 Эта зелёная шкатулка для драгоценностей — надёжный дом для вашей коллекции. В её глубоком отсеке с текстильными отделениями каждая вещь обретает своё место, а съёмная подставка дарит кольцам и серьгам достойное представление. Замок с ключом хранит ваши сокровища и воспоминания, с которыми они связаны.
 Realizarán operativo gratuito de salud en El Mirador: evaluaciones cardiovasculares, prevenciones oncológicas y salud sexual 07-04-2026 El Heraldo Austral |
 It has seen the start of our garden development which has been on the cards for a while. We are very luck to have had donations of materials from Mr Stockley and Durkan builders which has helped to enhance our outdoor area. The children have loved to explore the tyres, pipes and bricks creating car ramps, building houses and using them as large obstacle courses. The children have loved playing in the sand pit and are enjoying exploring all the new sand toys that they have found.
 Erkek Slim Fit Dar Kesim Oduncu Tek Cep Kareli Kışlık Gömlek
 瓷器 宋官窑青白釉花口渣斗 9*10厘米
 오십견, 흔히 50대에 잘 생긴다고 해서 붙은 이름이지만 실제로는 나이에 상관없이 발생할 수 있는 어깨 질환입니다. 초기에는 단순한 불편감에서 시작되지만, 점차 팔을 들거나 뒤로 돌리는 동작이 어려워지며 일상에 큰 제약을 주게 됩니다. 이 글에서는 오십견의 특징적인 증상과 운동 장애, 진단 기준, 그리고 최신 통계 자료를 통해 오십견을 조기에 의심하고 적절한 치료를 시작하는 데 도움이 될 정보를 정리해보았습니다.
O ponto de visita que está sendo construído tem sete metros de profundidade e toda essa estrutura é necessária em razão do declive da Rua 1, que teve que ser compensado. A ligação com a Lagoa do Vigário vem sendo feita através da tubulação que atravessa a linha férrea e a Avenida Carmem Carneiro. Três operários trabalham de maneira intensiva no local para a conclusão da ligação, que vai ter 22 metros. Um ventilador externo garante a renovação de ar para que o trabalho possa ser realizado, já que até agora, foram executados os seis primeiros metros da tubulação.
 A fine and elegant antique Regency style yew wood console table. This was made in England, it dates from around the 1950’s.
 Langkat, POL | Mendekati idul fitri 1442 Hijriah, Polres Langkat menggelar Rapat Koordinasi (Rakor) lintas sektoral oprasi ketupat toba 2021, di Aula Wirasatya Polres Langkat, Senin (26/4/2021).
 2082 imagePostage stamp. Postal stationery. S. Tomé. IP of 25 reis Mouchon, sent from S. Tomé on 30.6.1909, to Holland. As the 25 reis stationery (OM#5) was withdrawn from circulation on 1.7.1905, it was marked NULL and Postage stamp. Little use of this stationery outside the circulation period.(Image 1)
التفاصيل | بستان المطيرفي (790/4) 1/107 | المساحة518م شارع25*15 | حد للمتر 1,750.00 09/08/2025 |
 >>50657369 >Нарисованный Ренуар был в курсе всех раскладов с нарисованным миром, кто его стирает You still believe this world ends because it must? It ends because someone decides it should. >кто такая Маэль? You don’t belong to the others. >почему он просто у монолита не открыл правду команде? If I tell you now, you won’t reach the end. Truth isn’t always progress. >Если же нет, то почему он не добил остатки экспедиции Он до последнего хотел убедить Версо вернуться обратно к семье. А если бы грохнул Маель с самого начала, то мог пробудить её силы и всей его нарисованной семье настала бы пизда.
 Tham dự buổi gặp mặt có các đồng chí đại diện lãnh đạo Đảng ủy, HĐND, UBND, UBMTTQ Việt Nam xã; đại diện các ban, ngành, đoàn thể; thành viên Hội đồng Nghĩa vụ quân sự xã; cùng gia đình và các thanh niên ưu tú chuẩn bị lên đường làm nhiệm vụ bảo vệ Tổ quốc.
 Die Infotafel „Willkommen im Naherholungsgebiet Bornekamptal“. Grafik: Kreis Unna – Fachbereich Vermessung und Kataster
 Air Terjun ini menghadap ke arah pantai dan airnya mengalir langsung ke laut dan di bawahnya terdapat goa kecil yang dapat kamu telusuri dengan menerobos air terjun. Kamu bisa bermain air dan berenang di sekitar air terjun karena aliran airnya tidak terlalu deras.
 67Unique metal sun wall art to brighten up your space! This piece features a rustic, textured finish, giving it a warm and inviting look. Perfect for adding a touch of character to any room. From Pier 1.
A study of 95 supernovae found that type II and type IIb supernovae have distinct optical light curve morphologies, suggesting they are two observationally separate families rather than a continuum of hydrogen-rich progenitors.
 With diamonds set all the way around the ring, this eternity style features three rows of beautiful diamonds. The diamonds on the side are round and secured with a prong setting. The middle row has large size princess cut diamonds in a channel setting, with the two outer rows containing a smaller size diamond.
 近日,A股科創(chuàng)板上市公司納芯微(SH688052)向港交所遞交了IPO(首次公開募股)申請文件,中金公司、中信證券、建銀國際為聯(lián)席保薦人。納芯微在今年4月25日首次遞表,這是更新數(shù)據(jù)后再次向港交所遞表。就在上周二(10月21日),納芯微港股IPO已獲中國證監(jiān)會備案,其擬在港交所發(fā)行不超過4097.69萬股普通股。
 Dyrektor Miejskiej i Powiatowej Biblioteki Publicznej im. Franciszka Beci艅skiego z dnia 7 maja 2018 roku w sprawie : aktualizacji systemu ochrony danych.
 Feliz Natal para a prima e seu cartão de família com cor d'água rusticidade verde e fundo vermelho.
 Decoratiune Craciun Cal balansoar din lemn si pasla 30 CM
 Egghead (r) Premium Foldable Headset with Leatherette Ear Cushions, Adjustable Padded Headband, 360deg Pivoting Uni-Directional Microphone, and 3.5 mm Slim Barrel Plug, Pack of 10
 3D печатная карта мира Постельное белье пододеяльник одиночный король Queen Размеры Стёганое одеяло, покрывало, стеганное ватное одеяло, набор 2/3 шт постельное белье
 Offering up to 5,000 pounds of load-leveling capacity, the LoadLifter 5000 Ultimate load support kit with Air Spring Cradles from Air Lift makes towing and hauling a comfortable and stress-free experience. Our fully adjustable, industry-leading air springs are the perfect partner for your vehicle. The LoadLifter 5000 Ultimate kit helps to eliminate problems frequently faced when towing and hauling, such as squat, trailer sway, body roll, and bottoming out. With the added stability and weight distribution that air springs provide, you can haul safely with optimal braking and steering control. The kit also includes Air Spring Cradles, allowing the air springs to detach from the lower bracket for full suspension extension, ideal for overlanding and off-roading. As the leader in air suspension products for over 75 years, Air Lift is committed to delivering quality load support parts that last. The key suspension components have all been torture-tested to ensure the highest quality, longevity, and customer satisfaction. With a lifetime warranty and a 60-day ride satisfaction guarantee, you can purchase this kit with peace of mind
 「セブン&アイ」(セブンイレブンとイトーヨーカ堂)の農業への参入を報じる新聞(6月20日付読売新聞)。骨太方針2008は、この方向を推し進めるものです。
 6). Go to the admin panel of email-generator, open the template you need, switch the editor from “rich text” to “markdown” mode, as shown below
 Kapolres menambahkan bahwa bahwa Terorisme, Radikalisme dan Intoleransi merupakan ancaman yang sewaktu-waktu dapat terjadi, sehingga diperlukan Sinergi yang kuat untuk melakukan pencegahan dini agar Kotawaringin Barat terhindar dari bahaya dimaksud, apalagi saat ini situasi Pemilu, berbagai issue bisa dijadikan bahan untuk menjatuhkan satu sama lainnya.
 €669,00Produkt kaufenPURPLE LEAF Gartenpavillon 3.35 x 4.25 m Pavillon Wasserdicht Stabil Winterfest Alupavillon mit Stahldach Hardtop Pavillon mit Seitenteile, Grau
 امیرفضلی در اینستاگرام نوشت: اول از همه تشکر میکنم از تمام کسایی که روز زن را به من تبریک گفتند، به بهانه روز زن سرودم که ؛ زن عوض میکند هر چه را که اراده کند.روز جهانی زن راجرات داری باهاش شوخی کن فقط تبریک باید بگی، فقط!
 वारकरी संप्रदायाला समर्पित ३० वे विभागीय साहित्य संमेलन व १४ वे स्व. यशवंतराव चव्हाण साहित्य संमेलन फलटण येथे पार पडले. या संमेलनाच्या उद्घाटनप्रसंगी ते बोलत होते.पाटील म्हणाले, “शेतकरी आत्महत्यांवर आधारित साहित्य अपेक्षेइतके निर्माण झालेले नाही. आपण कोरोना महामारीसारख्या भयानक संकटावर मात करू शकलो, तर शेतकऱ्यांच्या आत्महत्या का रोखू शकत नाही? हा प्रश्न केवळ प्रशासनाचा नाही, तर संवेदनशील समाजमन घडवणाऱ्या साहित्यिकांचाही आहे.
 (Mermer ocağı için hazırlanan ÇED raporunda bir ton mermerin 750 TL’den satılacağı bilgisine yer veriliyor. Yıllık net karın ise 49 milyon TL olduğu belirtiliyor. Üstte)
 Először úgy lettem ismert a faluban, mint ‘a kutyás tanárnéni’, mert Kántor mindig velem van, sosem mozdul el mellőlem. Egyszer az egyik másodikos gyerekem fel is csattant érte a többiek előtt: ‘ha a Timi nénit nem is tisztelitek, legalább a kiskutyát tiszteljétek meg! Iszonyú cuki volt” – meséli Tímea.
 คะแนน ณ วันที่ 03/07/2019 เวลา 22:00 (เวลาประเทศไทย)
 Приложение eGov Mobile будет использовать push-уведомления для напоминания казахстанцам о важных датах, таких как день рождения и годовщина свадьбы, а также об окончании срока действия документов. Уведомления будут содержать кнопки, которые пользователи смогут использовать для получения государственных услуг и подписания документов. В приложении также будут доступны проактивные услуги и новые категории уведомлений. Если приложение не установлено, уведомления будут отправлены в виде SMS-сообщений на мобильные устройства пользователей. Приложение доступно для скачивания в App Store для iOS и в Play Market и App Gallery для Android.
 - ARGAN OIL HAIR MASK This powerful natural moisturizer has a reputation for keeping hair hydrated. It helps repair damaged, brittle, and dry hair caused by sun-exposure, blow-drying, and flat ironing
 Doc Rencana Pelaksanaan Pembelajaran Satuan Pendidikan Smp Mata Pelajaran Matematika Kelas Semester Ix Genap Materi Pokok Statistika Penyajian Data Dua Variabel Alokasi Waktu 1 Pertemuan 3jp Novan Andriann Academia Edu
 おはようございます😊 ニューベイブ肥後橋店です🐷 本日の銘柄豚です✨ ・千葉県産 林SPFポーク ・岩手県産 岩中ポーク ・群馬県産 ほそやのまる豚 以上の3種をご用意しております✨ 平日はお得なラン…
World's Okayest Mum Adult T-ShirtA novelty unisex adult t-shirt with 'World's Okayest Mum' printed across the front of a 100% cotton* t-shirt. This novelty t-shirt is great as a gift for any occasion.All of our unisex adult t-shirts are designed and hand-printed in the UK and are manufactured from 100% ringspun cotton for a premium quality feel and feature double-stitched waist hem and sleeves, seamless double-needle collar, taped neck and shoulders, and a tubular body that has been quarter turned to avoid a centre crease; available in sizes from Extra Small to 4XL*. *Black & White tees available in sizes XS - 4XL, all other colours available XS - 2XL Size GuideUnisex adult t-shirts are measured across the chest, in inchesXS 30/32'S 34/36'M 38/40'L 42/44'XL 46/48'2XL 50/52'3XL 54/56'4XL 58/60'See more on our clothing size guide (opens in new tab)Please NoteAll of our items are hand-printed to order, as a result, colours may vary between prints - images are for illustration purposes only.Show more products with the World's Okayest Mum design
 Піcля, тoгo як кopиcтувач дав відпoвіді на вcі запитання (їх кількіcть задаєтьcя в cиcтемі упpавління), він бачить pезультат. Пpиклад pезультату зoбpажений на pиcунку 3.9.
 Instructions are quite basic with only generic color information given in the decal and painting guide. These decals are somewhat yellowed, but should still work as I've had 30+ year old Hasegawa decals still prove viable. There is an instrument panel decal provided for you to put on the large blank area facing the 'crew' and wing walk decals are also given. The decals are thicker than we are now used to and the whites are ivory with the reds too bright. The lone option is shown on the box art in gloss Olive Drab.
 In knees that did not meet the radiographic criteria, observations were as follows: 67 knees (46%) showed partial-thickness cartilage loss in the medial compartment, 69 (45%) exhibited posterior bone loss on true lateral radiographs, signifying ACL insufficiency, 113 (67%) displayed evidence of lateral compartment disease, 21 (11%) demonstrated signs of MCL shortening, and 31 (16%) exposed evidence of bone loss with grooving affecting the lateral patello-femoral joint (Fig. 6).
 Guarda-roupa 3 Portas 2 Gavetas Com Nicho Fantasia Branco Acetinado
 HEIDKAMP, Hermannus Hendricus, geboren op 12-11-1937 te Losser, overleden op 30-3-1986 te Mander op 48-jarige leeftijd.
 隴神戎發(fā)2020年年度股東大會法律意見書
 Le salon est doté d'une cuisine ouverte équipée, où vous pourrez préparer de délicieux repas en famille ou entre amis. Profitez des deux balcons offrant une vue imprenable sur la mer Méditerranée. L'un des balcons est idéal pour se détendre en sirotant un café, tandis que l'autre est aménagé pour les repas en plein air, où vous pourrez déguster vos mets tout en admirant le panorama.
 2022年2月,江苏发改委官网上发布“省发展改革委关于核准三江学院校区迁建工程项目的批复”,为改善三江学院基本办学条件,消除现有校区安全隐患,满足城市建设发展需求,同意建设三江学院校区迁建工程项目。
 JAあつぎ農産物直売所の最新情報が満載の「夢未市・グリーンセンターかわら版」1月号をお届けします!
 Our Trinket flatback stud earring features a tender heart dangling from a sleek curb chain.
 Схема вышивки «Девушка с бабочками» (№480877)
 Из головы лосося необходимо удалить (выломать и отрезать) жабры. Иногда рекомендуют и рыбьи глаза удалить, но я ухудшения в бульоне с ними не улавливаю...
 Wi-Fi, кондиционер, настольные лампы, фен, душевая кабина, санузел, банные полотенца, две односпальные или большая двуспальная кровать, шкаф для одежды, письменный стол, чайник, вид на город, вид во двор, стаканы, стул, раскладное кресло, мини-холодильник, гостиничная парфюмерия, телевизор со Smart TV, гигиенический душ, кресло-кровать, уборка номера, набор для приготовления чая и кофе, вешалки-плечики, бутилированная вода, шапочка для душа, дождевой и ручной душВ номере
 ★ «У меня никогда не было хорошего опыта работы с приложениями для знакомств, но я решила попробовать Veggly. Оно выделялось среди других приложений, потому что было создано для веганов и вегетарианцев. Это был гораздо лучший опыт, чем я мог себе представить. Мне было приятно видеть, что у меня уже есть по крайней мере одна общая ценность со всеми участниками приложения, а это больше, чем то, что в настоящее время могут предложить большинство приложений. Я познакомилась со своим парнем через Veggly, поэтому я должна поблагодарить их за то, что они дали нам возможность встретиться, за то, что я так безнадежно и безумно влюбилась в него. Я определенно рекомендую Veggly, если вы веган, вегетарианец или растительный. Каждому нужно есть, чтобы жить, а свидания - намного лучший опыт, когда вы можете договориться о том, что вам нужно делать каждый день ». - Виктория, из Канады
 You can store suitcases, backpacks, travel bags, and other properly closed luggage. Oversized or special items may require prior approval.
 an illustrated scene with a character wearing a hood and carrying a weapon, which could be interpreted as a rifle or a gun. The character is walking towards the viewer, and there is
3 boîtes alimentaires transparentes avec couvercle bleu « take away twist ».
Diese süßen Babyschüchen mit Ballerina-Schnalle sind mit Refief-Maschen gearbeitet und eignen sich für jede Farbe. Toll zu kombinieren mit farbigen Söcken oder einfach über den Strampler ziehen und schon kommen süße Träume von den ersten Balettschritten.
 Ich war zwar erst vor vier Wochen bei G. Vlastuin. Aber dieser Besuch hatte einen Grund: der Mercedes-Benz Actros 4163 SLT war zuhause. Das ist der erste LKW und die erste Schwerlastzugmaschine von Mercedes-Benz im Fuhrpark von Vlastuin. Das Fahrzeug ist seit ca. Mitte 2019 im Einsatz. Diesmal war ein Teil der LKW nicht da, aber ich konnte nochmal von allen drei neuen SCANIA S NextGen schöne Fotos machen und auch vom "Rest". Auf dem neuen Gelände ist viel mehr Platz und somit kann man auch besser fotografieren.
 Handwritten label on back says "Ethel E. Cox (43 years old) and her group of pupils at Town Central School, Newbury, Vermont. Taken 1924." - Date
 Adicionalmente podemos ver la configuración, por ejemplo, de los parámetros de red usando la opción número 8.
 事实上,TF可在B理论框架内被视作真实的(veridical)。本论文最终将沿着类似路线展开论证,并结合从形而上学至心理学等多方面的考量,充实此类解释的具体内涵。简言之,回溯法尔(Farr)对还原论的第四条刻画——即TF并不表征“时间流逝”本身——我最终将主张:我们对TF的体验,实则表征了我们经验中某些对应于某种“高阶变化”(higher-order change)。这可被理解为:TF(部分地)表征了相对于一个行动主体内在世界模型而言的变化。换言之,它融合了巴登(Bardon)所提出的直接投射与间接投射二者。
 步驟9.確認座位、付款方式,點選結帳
■ ■ ■ ■ ■
DIRECTIONS: Reply with one number, the count of lines in the records that include the word "Slim".

RESPONSE BOX: 2